Antibiotic resistance is a natural and ancient phenomenon, and the emergence and spread of resistance in human pathogens inevitable, he argues, though widespread clinical and agricultural use of antibiotics makes it much worse; and the problem can only be met by the development of new drugs.
The point that antibiotic resistance predates our development of antibiotic drugs was made in an earlier Q&A in which Wright explored the mechanisms and origins of antibiotic resistance – it is prevalent in bacteria that live in the environment, for example in the soil microbes from which almost all of our antibiotic products are derived. He can now cite a more recent study confirming that the resistance genes we see in human pathogens are the same as those found in environmental bacteria, presumably as a defence against antibiotic products of their microbial neighbours – the very same products that are exploited by us for antimicrobial drugs. And the antiquity of resistance is illustrated by his own recent finding of resistance genes in the microbial community of a cave sealed from the surface 4 million years ago. The news that multi-resistant bugs have been found on American supermarket shelves thus clearly does not necessarily (as pointed out by the US FDA) imply a disease outbreak in the making – pathogens do not have a monopoly of resistance genes.
So if antibiotic resistance genes are everywhere, and can spread easily – what can we do about it? Wright’s answer, to which he has effectively devoted his career, is to keep discovering new antibiotics, or new ways to make old ones effective again. The problem here, he explains, IS manmade. Not a shortage of good ideas, or new compounds with drug potential, but a regulatory and incentive structure that is ill adapted to support the development of these drugs and get them quickly to the pharmacy. Perhaps most important is a bias towards the development of broad spectrum drugs, which has served the industry well in the past, but which limits the number of suitable lead compounds and – it can be argued – has helped promote both the spread of resistance and undesirable side-effects such as antibiotic-induced colitis, due to an indiscriminate effect on the patient’s microbiome.

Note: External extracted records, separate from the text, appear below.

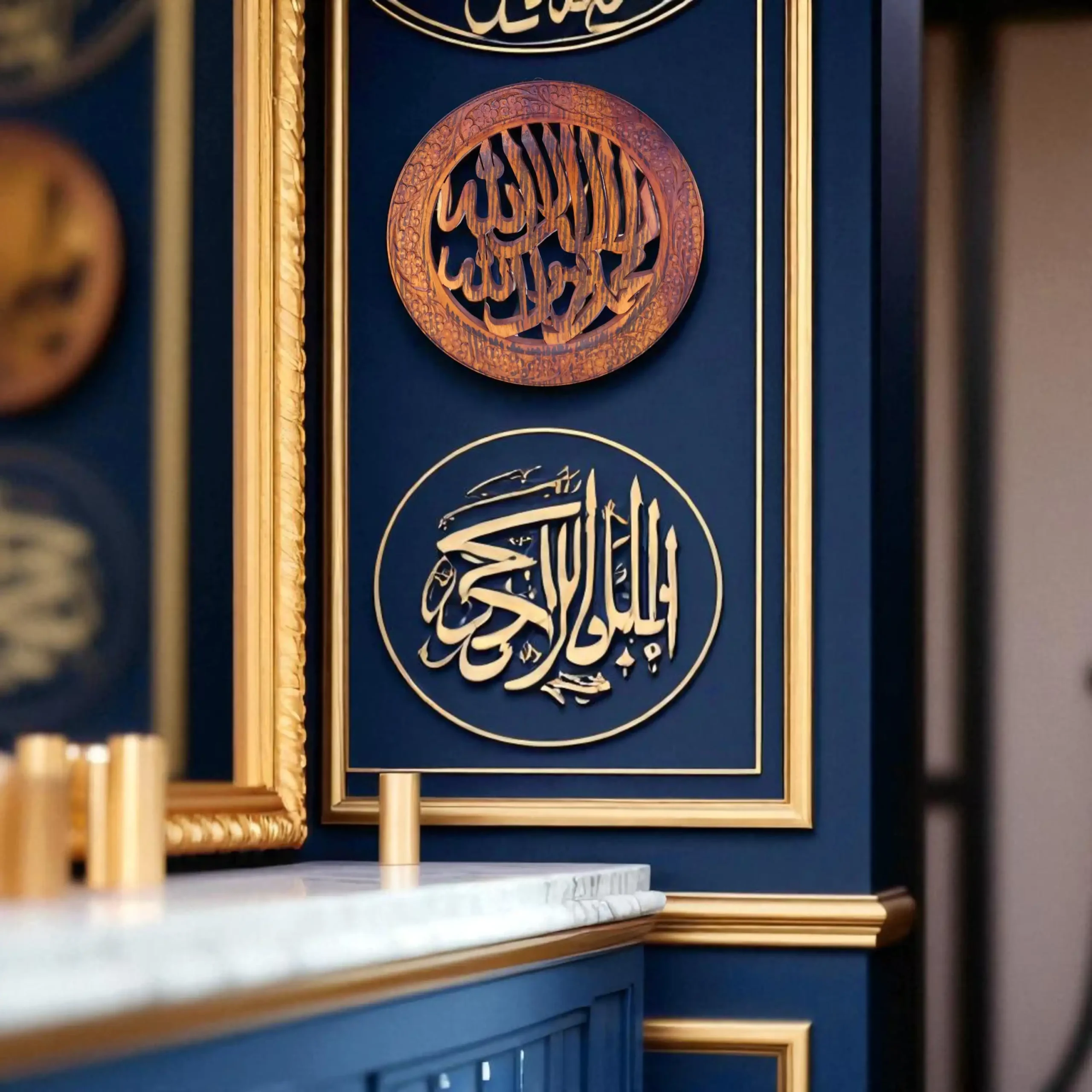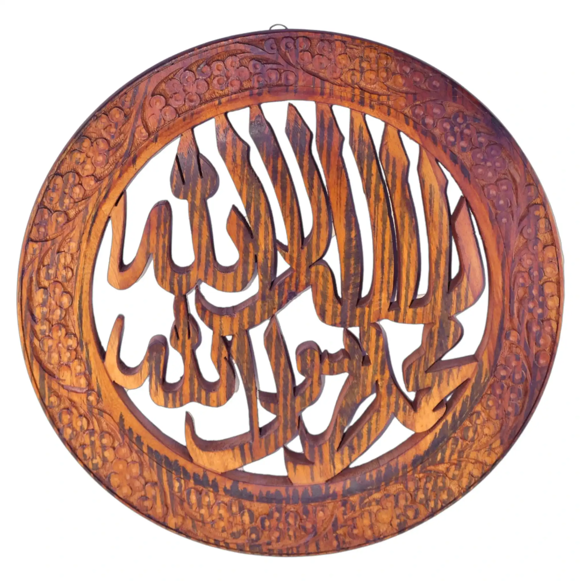 Classic calligraphy in a carved embrace. This wall hanging features the Kalma Tayyaba in full — finely sculpted from one slab of Sheesham and framed in fruit-laden floral patterns. The oval shape gives it presence without being overpowering. It sits well above mantels, shelves, or hall entries. Not ornamental — meaningful. Wood that speaks.
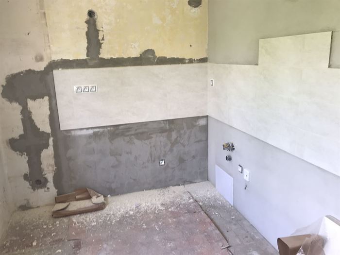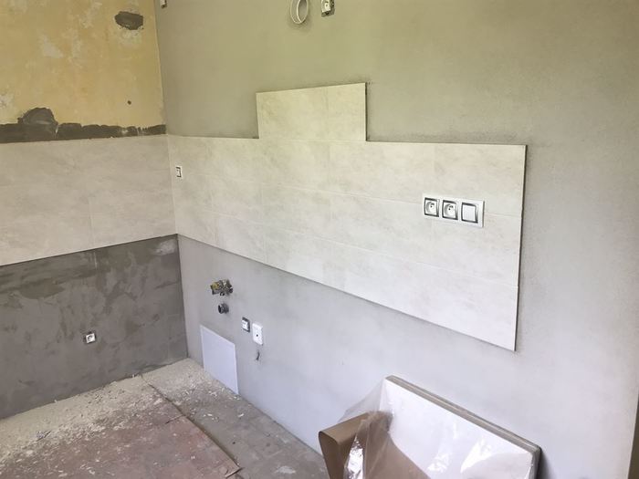 V cihlovém činžovním domě jsme prováděli rekonstrukci bytového jádra. Původní jádro i s cihlovou čelní stěnou bylo odstraněno a vyzděno z Ytongů. V těchto bytech je jádro menší a proto jsme koupelnu spojili s WC a dispozičně změnili. Tím jsme dosáhli velkého sprchového koutu s odtokovým žlabem a dveřmi lítačky. WC konstrukci jsme použili Geberit na zazdění. Pod závěsnou skříňkou bude umístěna pračka. Obklad koupelny je od Cerrolu v provedení bílá/šedá a moderní dekor. Součástí rekonstrukce je nová elektroinstalace a vodoinstalace.
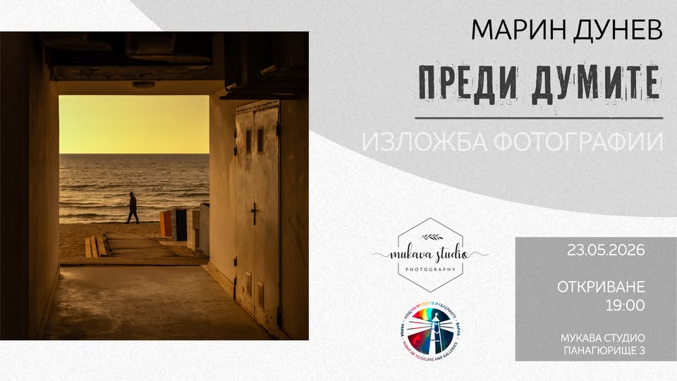 Фотографска изложба “Преди думите” на Марин Дунев ще бъде открита във Варна на 23 май 2026 г. в “Мукава Студио” на ул. “Панагюрище” 3.
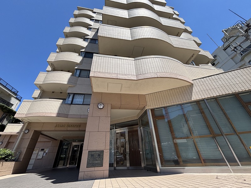 熱海駅から車で約10分。海際に建つ大型リゾートマンション! 海を見渡す展望温泉大浴場ほか、館内共用部が充実しています。
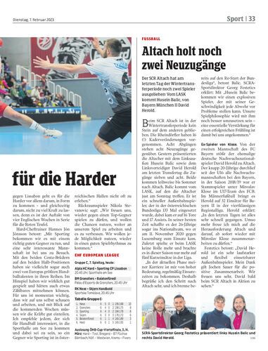 Der SCR Altach hat am letzten Tag der Wintertransferperiode noch zwei Spieler ausgeliehen: Vom LASK kommt Husein Balic, von Bayern München II David Herold.
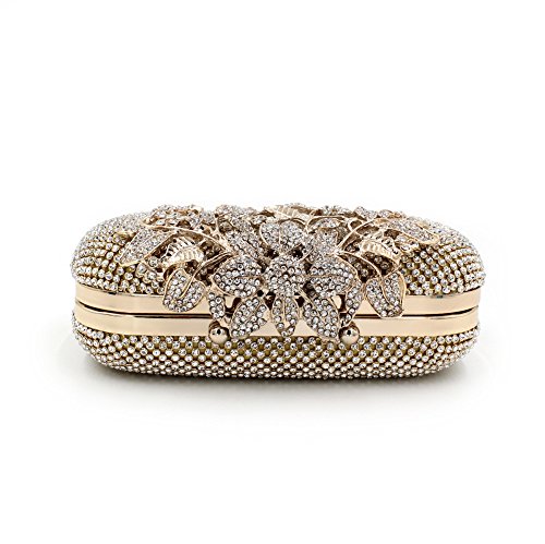 Gold Clutch Purses Classy Flower for Women Luxury Rhinestone Crystal Evening Clutch Bags Vintag...
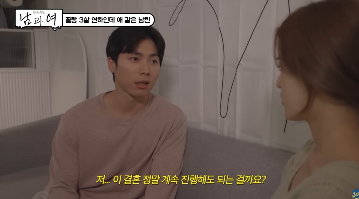 결혼을 계속 이어가도 되는지 고민에 빠진 사연자. 유튜브 채널 'KBS Joy' 영상 캡처 사연을 들은 조충현은 “요즘 ‘연하가 좋다’는 사회적 분위기가 이분을 착각하게 만든 것 같다”고 분석했고, 김민정 역시 “‘나이 어린 내가 결혼을 해준다’고 생각하는 것 같다”고 추측했다. 최서임은 “원래 이런 성향인데 결혼 약속을 계기로 본성을 드러낸 것일 수도 있다”며 “이런 일은 보통 하지 말라는 신의 계시”라고 조언했다.
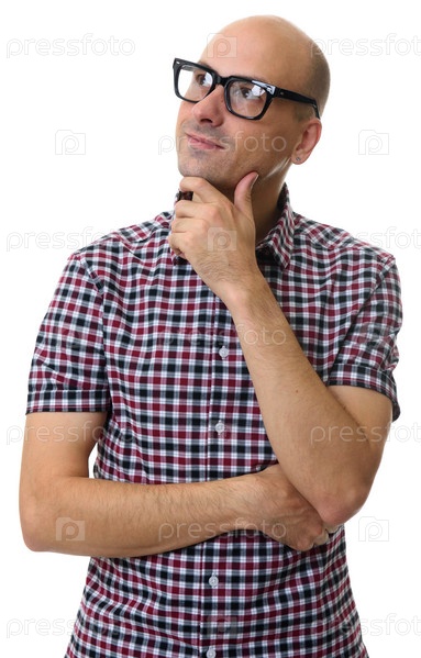 Модный случайный мужчина думает и смотрит вверх

Despite his conclusion that things will get worse before they can get better again, Wright points to some glimmers of hope. The Generate Antibiotic Incentives Now (GAIN) Act passed in in the US in 2012 has special provisions for antibiotics against resistant bacteria as well as measures designed to help fast-track new drugs. More recently, further reforms to clinical trial requirements have been proposed by the pharmaceutical industry. There are already some drugs that are benefiting from the GAIN Act, including two new drugs that will treat Clostridium difficile, bacteria that are notoriously causing complications after treatment with broad-spectrum antibiotics in a hospital setting.
Seventy years after antibiotics were first brought to market, it is hard to imagine where we would be if they cease to be effective. The erosion of their efficacy is ongoing, but Wright gives us reason to believe that the inevitable problem of resistance can be successfully met.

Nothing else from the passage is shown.